Data records:
###
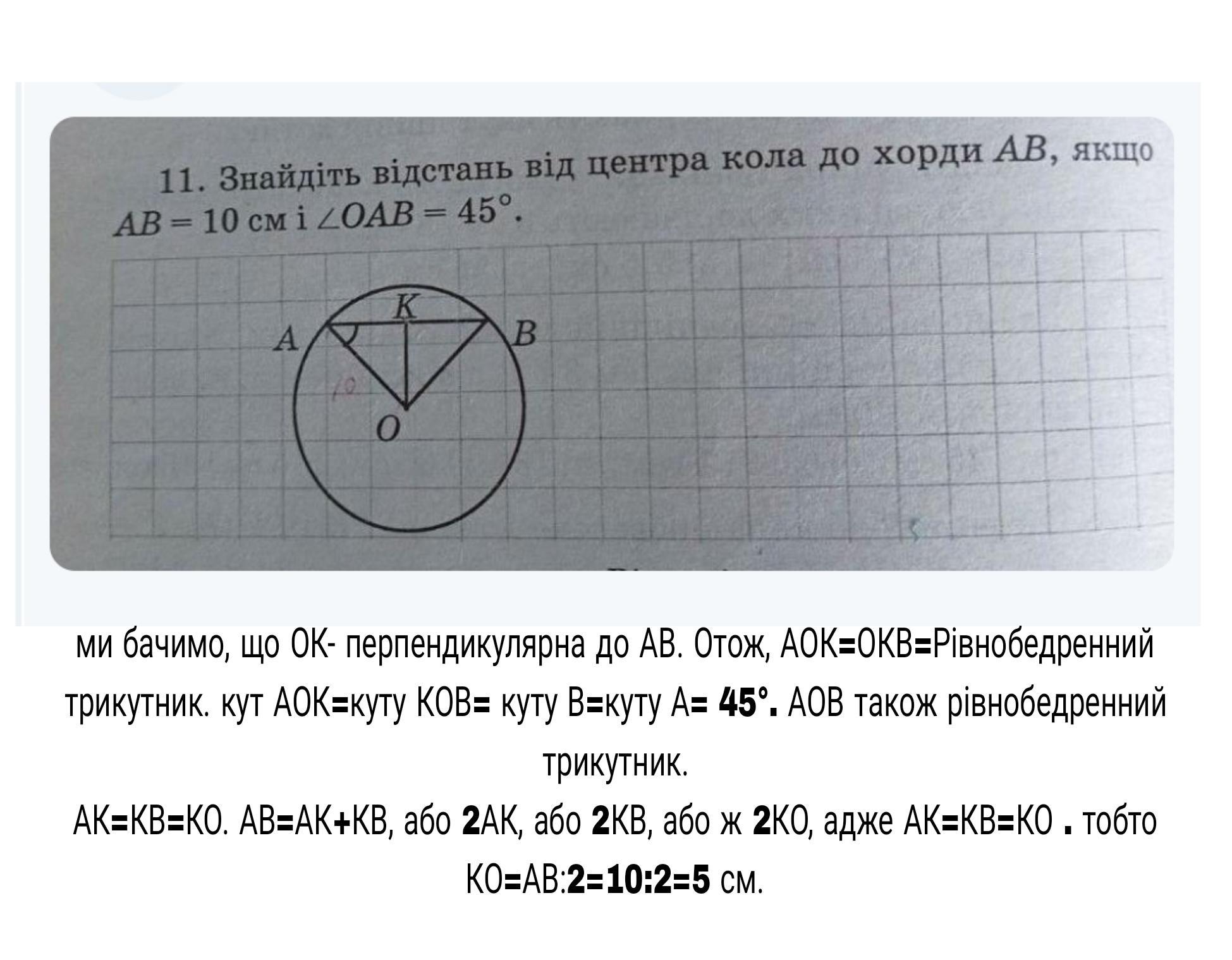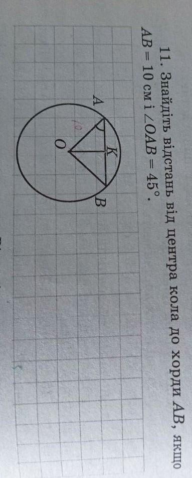 Знайдіть відстань від центра кола до хорди AB=10 см i кут OAB=45°
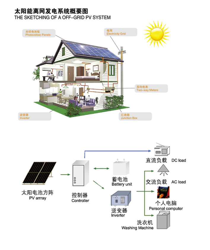 太陽能離網(wǎng)發(fā)電系統(tǒng)由太陽能電池板、太陽能控制器、蓄電池(組)組成。如輸出電源為220V或110V,還需要配置逆變器,各部分的作用為:
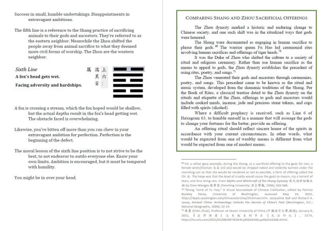 The above should go right before the commentary for the sixth line, “A fox is crossing a stream, which the fox hoped would be shallow, but the actual depths…” (page 745).
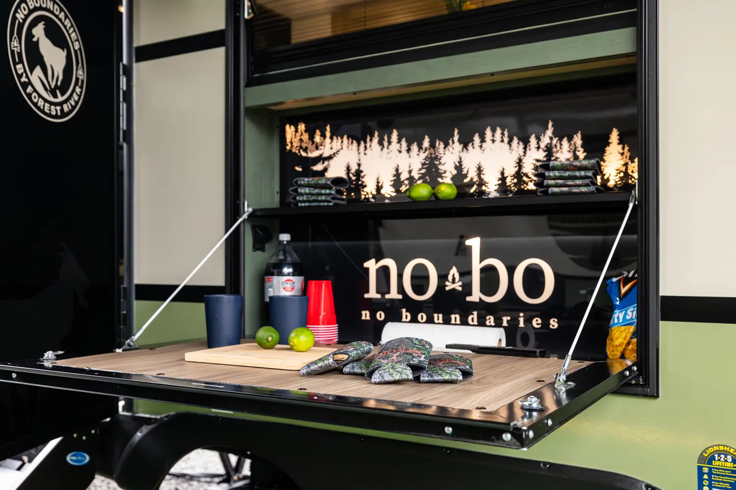 The NB19.0 is a feature-packed travel trailer built for comfort and adventure. Its rear kitchen offers ample counter space and storage, while a walk-through bath connects to a private front bedroom with a queen bed and wardrobes. Outside, the Trailgate Outdoor Bar adds space for outdoor entertaining and meal prep. With a roomy slide-out and lightweight, all-season build, the NB19.0 delivers big comfort in a perfectly towable package.
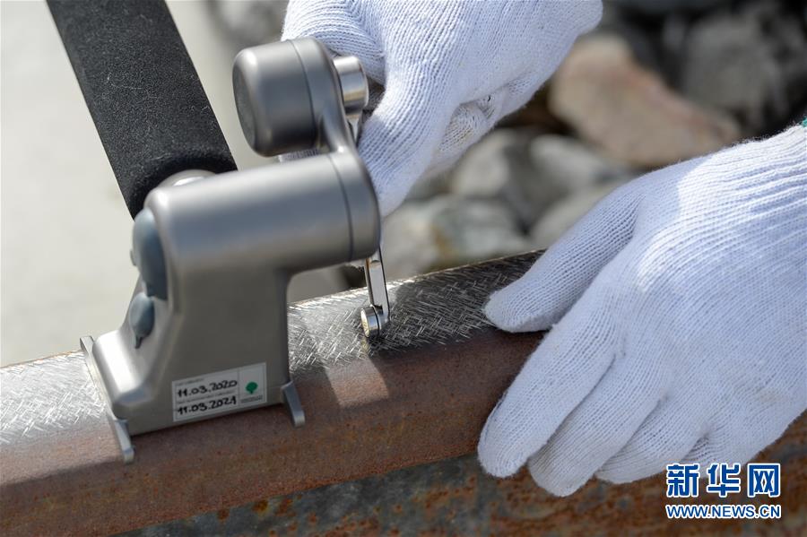 技術(shù)員用儀器進(jìn)行鋼軌廓形檢測(cè)(7月14日攝)。新華社記者 丁磊 攝
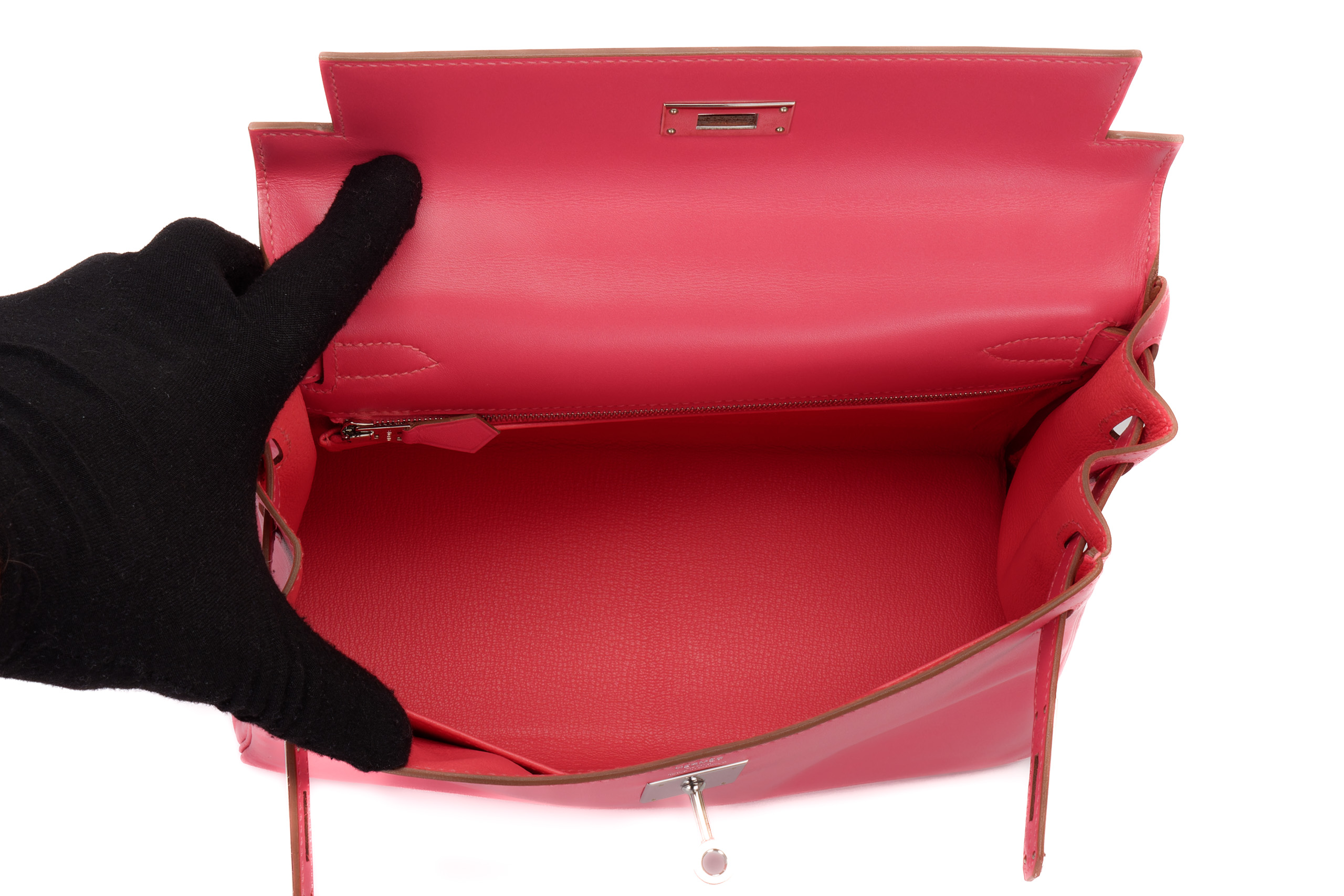 Hermès Kelly 28 Rose Lipstick Tadelakt Palladium Hardware / R Square 2014 Excellent Pre-Loved condition
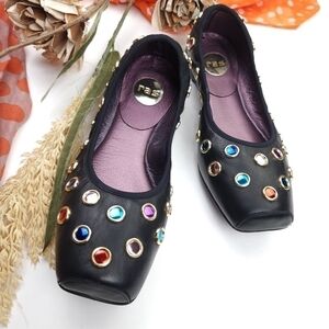 RAS Luxury Brand Blue Jeweled Ballet Flats Sz 38
###
Work order: With pictures omitted, repeat the entries above word for word from the line holding "The NB19.0 is" down to the line holding "技術(shù)員用儀器進(jìn)行鋼軌廓形檢測(cè)(7月14日攝)。新華社記者 丁磊 攝", keeping both of those lines.

Exercise answer:
 The NB19.0 is a feature-packed travel trailer built for comfort and adventure. Its rear kitchen offers ample counter space and storage, while a walk-through bath connects to a private front bedroom with a queen bed and wardrobes. Outside, the Trailgate Outdoor Bar adds space for outdoor entertaining and meal prep. With a roomy slide-out and lightweight, all-season build, the NB19.0 delivers big comfort in a perfectly towable package.
 技術(shù)員用儀器進(jìn)行鋼軌廓形檢測(cè)(7月14日攝)。新華社記者 丁磊 攝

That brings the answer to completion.